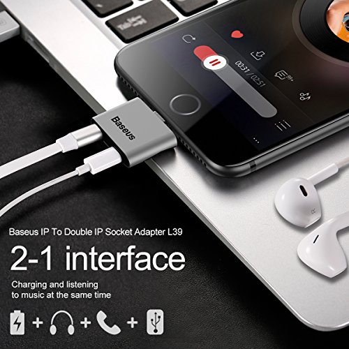 -. Title : iPhone 7/ 8/ X Adapter and Splitter, Baseus Lightning Adapter Double Lightning Headphone 2 in 1 Charge and Audio Listen to Music at the Same Time Converter for iPhone X,iPhone 8/8Plus/7/7Plus
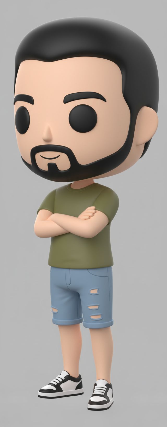 Standing full‑body portrait of a young man with short dark hair and a trimmed beard, wearing an oliv
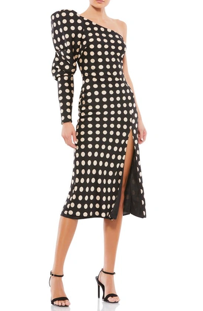 Long Puff Sleeve Polka Dot Tea Length Dress In Black White
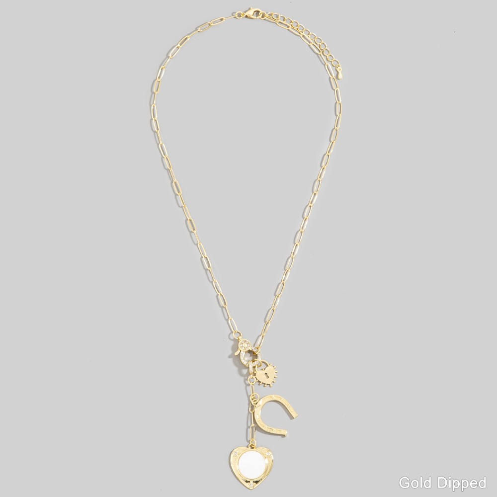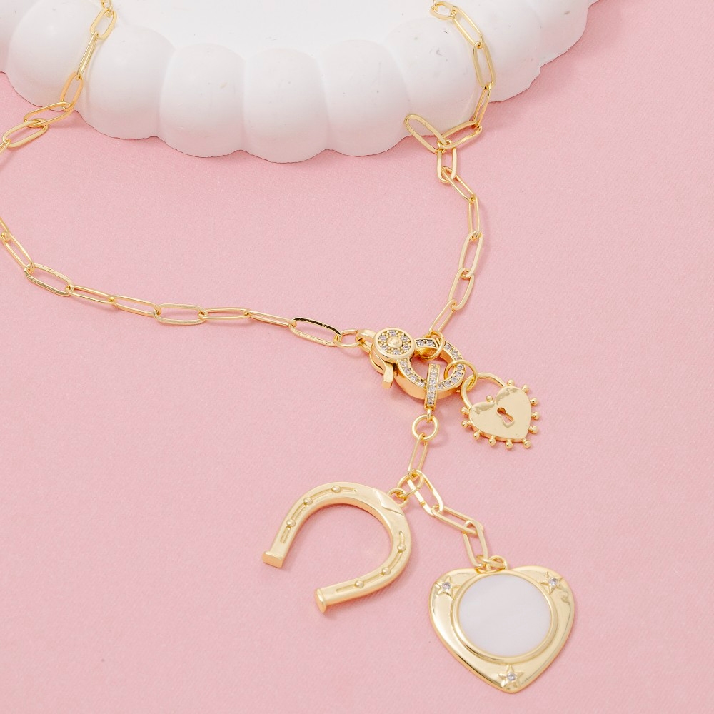 • A true work of art, this chain necklace encompasses a grand gold dipped heart and horseshoe charms design. Unleash the charm of this versatile chain necklace, effortlessly turning any outfit into a fashion statement. Available in GOLD. This item is sold in packs of 1.
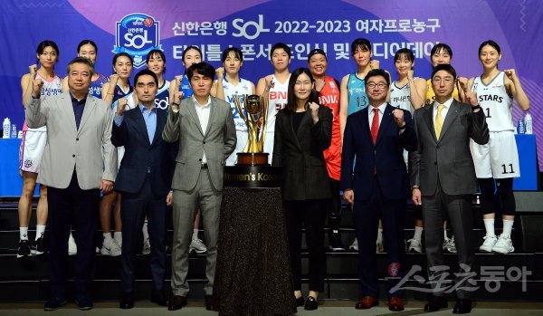 24일 서울 여의도 63컨벤션센터에서 열린 ‘신한은행 SOL 2022-2022 여자프로농구’ 미디어데이에서 6개 구단 감독 및 선수들이 기념촬영을 하고 있다.
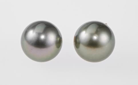 3154. Paire de clous d'oreilles sertis de perles de Tahiti (D env. 8,5...
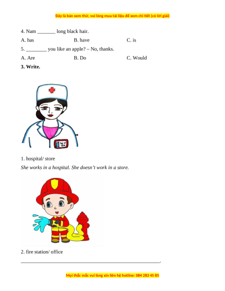 5. ________ you like an apple? – No, thanks. A. Are B. Do C. Would 3. Write. 1. hospital/ store
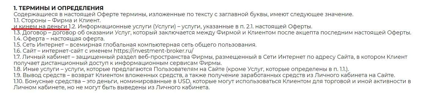 В первом разделе своего соглашения жулики Stock Investments Limited объявляют, что кидают клиентов на деньги. В буквальном смысле этого слова.
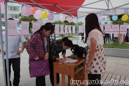 在活动现场的义卖区中,法志协还和爱心超市共同举办了爱心义卖活动,让同学提前接触义卖的物品,并提供捐助物品的登记,很多同学纷纷在登记表上填写了自己所捐助的物品信息。在对一位捐助的同学的采访中,他说道:“其实包括我在内很多同学都有一份帮助别人的爱心,现在很高兴学院能提供给我们这样一个方便的平台让我们实现我们的心愿,同时我也希望更多的同学能参与到这个活动中来。”
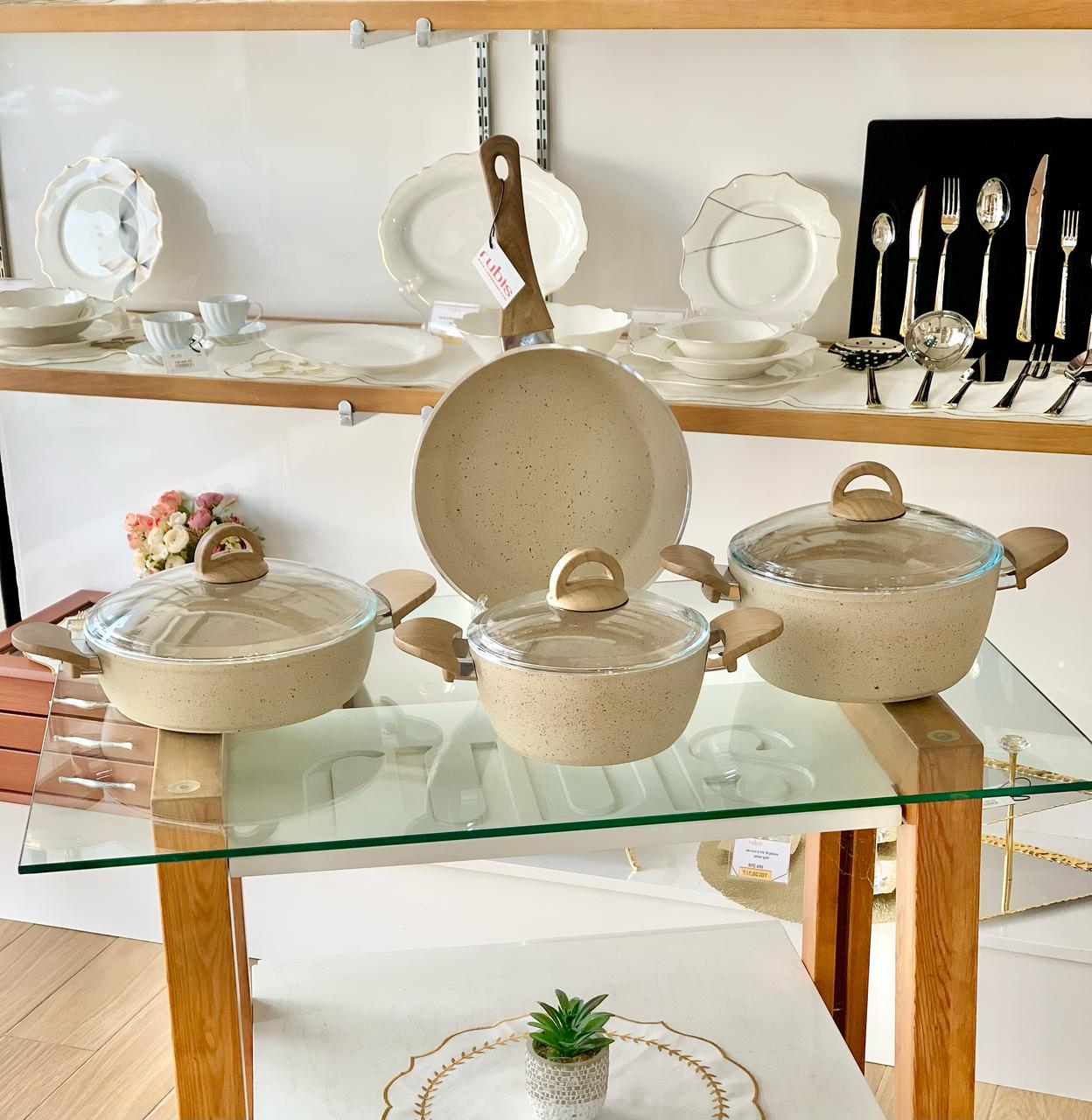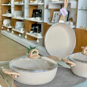 CONTENU DU PRODUIT Faitout de 20 cm de profondeur Faitout de 24 cm de profondeur Faitout bas 26cm Poêle de 26 cm
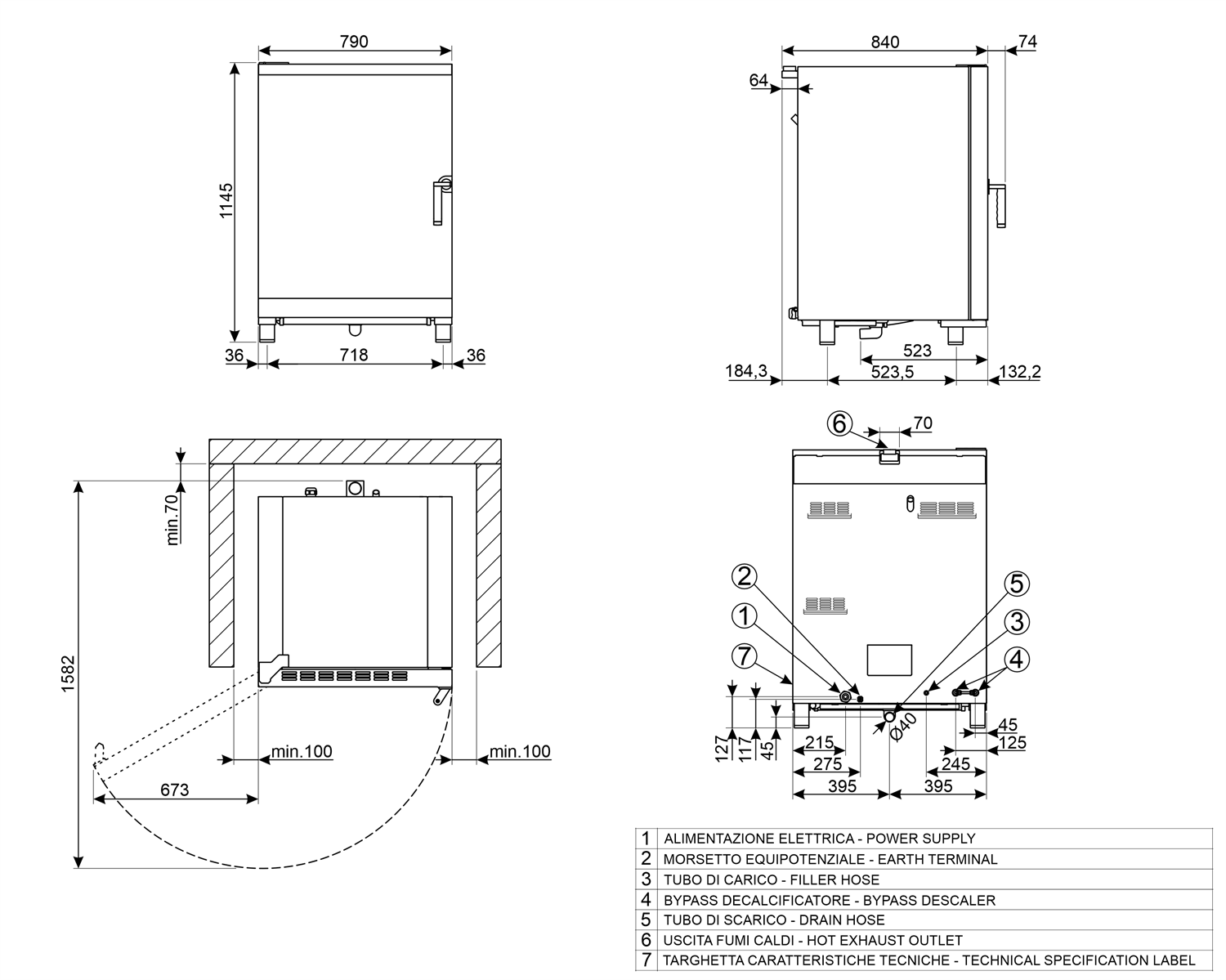 • Максимальная глубина с открытой дверцей: 1581 мм
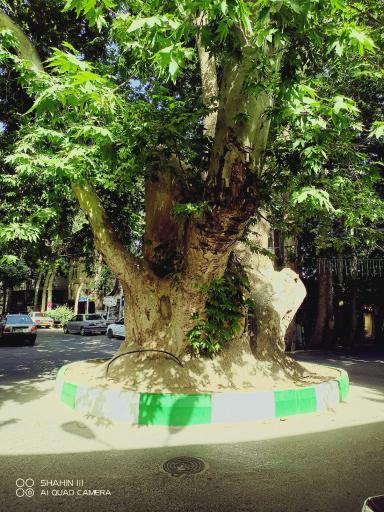 وسط یه میدون کوچیک که به اندازه قطر خود درخته. بین ۳۵۰تا۴۰۰یال قدمت داره. چندتا از شاخه ها وتنه های درخت رو بریدن. وقسمتی از اون رو با سیمان استتار کردن.
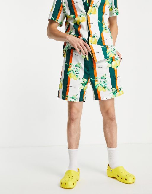 Karl Kani - Short style club de vacances avec petit logo signature - Blanc
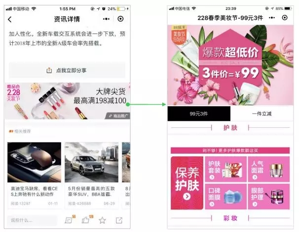 對于廣告主來說,更是超棒的機會,直接可將用戶轉(zhuǎn)化,跳轉(zhuǎn)外鏈不限制,省去中間多余環(huán)節(jié),在內(nèi)容中讓用戶產(chǎn)生購買沖動,動動指頭就能轉(zhuǎn)化了!所以,如何做好這張窄窄的圖片,是每個廣告主的必修課。
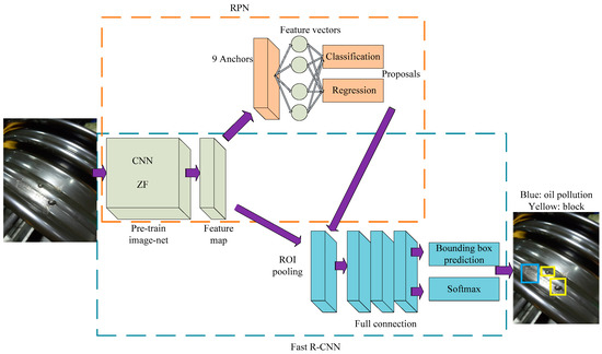 33], and therefore this paper adopts the ZF net. In order to make the method adapt to multi-class defects detection for wheel hubs, we made the following improvements for ZF net. Firstly, we improved the original ZF net for the RPN. The last maximum pooling layer and full connection layer of ZF net were replaced by a sliding convolution layer, then a full connection layer with a depth of 256 was connected, and its softmax layer was replaced by a softmax layer and regression layer, which was
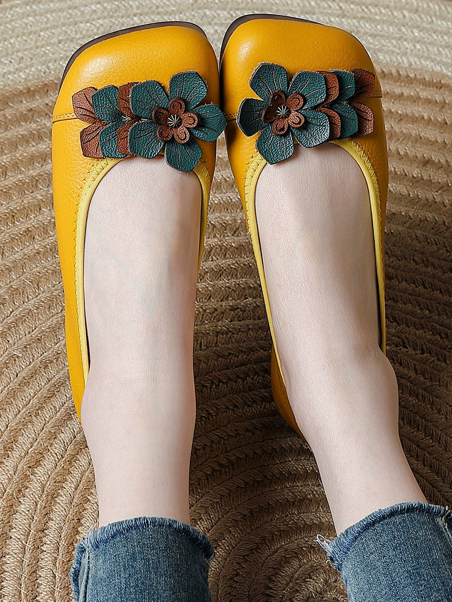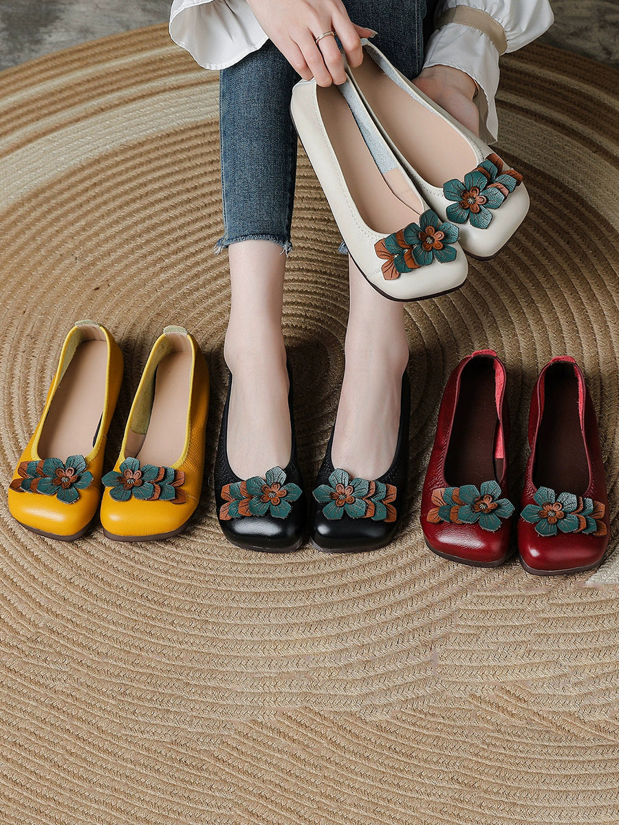 Women Artsy Flower Spliced Genuine Leather Shoes
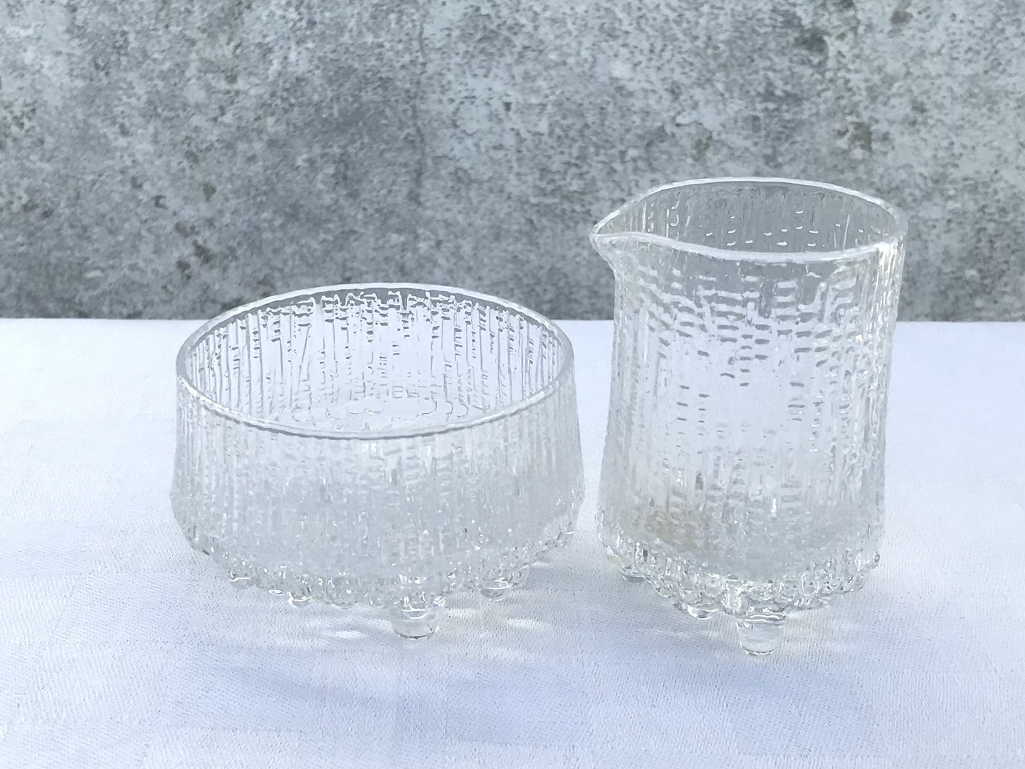 Iittala, Ultima thule, Sugar / cream set, bowl 8cm in diameter, 5,2 cm high, Jug 8cm high, 5cm in. Diameter, Design Tapio Wirkkala * Nice condition *
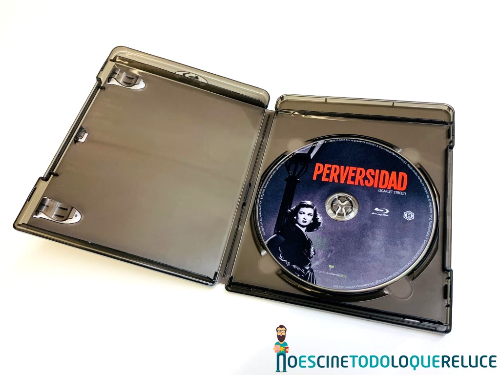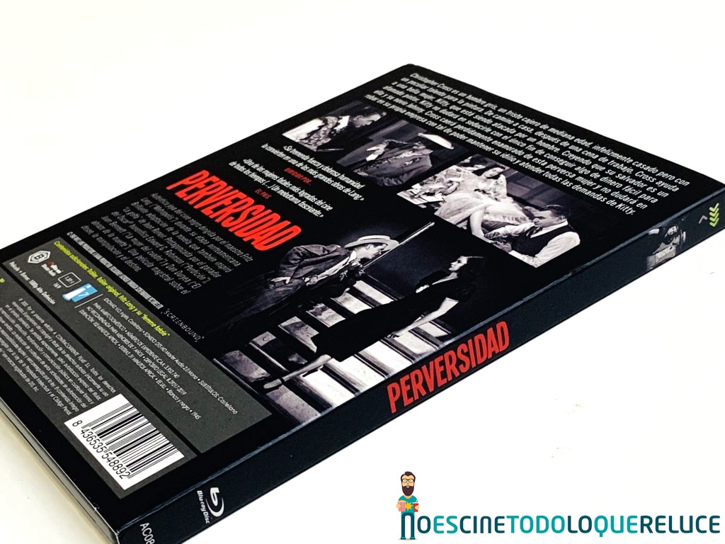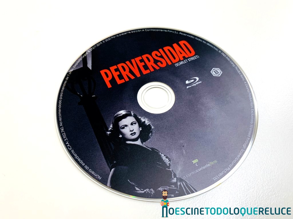 La edición Blu-ray de Perversidad está presentada en una funda slipcover con el mismo diseño del estuche negro que protege, con el póster en la portada, mientras que la contraportada nos presenta algunas fotos junto a los datos técnicos, artísticos y sinopsis. Como es habitual en las ediciones de A Contracorriente Films, la funda es de color mate, sin brillos, y es un complemento perfecto para esta edición 75º aniversario que cuenta con máster restaurado. En el interior nos encontramos el disco Blu-ray que incluye serigrafiada la imagen de la portada con el título en español.
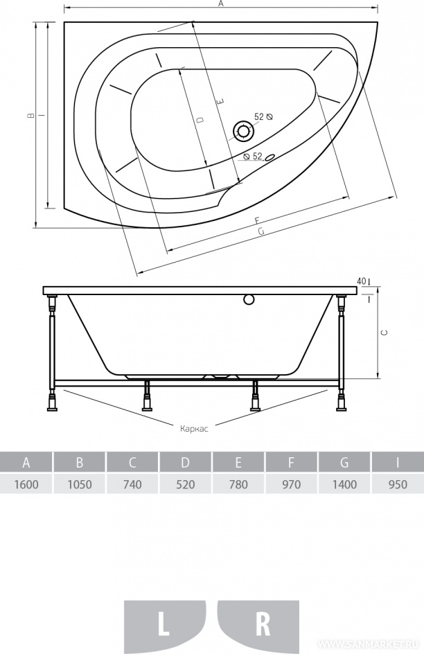 DALLAS 160х105 L ALPEN Ванна
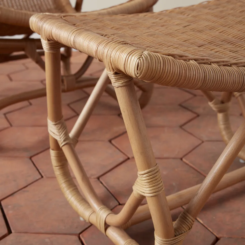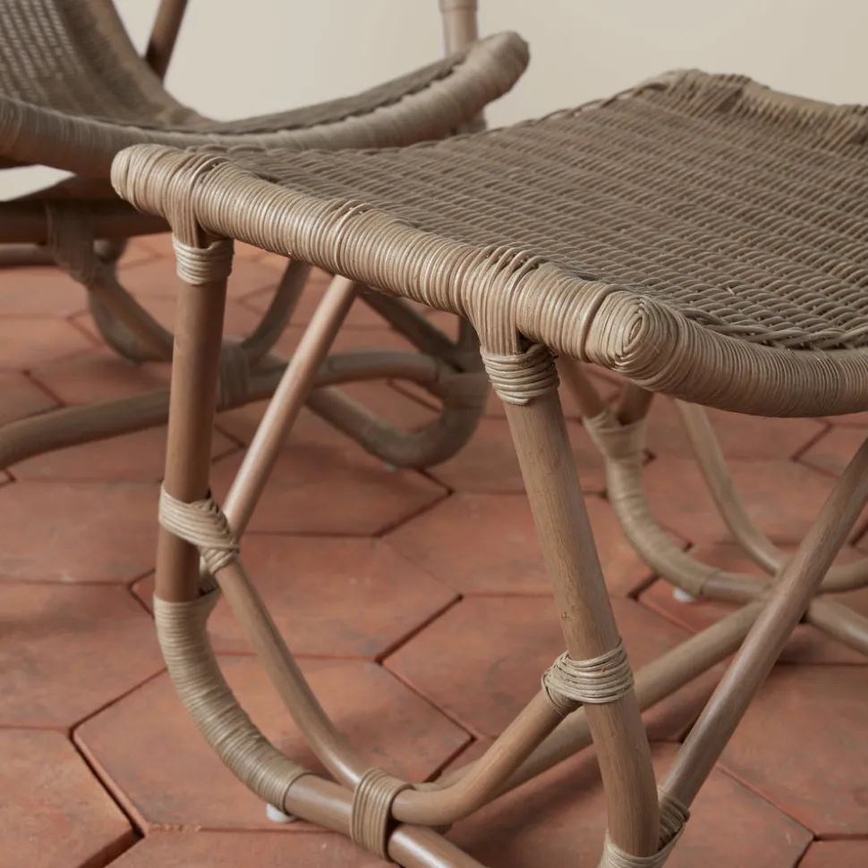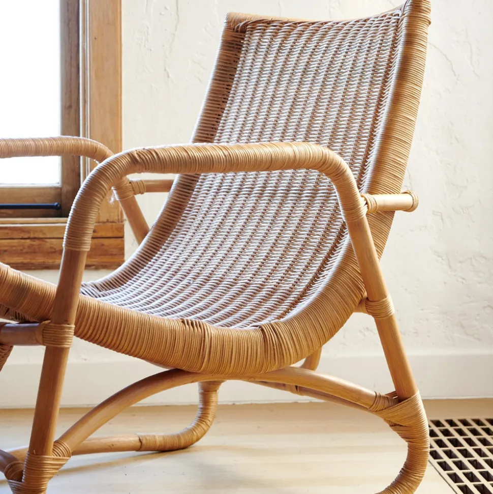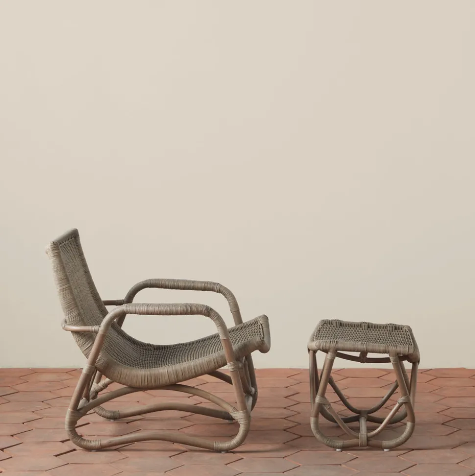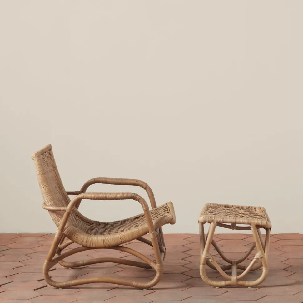 At once beautiful and timeless, Woven designs mindfully designed pieces for your home and beyond. Woven invites you to create spaces that are layered and natural—an expression of you. Inspired by cottage living and Scandinavian design, the low-profile Bodega Wicker Lounge Chair and ottoman pair well with a crackling fire or a shaft of afternoon sun and a good book, of course. Finish with a shearling or a throw pillow and sink in. Expertly steamed and woven by hand from Indonesian rattan. Chair and ottoman sold as a set.

◆ How to complete this task ◆
In the data above, the stretch from the line with "在活动现场的义卖区中,法志协" through the line with "DALLAS 160х105 L ALPEN Ванна" is to be returned exactly, minus any pictures.

◆ The completed task ◆
 在活动现场的义卖区中,法志协还和爱心超市共同举办了爱心义卖活动,让同学提前接触义卖的物品,并提供捐助物品的登记,很多同学纷纷在登记表上填写了自己所捐助的物品信息。在对一位捐助的同学的采访中,他说道:“其实包括我在内很多同学都有一份帮助别人的爱心,现在很高兴学院能提供给我们这样一个方便的平台让我们实现我们的心愿,同时我也希望更多的同学能参与到这个活动中来。”
 CONTENU DU PRODUIT Faitout de 20 cm de profondeur Faitout de 24 cm de profondeur Faitout bas 26cm Poêle de 26 cm
 • Максимальная глубина с открытой дверцей: 1581 мм
 وسط یه میدون کوچیک که به اندازه قطر خود درخته. بین ۳۵۰تا۴۰۰یال قدمت داره. چندتا از شاخه ها وتنه های درخت رو بریدن. وقسمتی از اون رو با سیمان استتار کردن.
 Karl Kani - Short style club de vacances avec petit logo signature - Blanc
 對于廣告主來說,更是超棒的機會,直接可將用戶轉(zhuǎn)化,跳轉(zhuǎn)外鏈不限制,省去中間多余環(huán)節(jié),在內(nèi)容中讓用戶產(chǎn)生購買沖動,動動指頭就能轉(zhuǎn)化了!所以,如何做好這張窄窄的圖片,是每個廣告主的必修課。
 33], and therefore this paper adopts the ZF net. In order to make the method adapt to multi-class defects detection for wheel hubs, we made the following improvements for ZF net. Firstly, we improved the original ZF net for the RPN. The last maximum pooling layer and full connection layer of ZF net were replaced by a sliding convolution layer, then a full connection layer with a depth of 256 was connected, and its softmax layer was replaced by a softmax layer and regression layer, which was
 Women Artsy Flower Spliced Genuine Leather Shoes
 Iittala, Ultima thule, Sugar / cream set, bowl 8cm in diameter, 5,2 cm high, Jug 8cm high, 5cm in. Diameter, Design Tapio Wirkkala * Nice condition *
 La edición Blu-ray de Perversidad está presentada en una funda slipcover con el mismo diseño del estuche negro que protege, con el póster en la portada, mientras que la contraportada nos presenta algunas fotos junto a los datos técnicos, artísticos y sinopsis. Como es habitual en las ediciones de A Contracorriente Films, la funda es de color mate, sin brillos, y es un complemento perfecto para esta edición 75º aniversario que cuenta con máster restaurado. En el interior nos encontramos el disco Blu-ray que incluye serigrafiada la imagen de la portada con el título en español.
 DALLAS 160х105 L ALPEN Ванна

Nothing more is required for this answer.